<<<<

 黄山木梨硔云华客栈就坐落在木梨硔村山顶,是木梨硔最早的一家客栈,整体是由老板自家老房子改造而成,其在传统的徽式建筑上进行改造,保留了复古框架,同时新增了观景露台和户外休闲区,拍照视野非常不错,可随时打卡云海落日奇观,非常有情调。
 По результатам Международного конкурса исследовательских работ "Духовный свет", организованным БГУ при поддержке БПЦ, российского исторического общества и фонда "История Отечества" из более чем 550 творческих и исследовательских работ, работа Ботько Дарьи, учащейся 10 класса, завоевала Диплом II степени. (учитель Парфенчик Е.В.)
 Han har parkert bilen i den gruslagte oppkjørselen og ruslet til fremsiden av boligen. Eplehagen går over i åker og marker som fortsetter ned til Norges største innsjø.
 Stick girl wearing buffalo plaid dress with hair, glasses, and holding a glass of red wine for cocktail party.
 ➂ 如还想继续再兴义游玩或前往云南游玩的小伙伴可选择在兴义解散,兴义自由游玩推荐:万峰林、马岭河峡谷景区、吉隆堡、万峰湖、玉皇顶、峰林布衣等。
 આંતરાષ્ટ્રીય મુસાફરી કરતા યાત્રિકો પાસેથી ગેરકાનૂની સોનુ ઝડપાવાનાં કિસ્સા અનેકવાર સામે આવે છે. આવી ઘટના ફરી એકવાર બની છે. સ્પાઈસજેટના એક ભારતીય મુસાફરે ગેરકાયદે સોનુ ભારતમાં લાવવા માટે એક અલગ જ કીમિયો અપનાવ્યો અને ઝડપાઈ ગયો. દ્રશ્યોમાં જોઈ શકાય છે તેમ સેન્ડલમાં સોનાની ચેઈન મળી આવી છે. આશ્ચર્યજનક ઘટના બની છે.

>>>>
<<<<

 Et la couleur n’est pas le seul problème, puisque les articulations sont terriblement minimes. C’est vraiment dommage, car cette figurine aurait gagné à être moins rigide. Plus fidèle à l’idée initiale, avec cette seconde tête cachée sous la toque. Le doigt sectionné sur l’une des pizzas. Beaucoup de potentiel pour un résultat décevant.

>>>>
<<<<

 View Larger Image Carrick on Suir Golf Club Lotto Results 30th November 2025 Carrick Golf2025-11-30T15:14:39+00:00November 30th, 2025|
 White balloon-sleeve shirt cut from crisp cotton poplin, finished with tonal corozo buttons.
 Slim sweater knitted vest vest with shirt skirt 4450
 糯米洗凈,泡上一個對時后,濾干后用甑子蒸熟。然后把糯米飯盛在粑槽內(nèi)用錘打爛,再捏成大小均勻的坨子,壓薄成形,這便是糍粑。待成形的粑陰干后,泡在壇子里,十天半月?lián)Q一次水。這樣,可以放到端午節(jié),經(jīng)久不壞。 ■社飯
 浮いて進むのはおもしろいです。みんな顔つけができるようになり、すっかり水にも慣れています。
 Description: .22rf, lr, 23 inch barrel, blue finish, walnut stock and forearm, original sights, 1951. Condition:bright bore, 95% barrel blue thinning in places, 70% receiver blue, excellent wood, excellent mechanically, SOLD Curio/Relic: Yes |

>>>>

● **What to work on**
Taking the material above, extract exactly and only the lines from the line with "View Larger Image" to the line with "Slim sweater knitted", inclusive of both.

● **Finished task**
 View Larger Image Carrick on Suir Golf Club Lotto Results 30th November 2025 Carrick Golf2025-11-30T15:14:39+00:00November 30th, 2025|
 White balloon-sleeve shirt cut from crisp cotton poplin, finished with tonal corozo buttons.
 Slim sweater knitted vest vest with shirt skirt 4450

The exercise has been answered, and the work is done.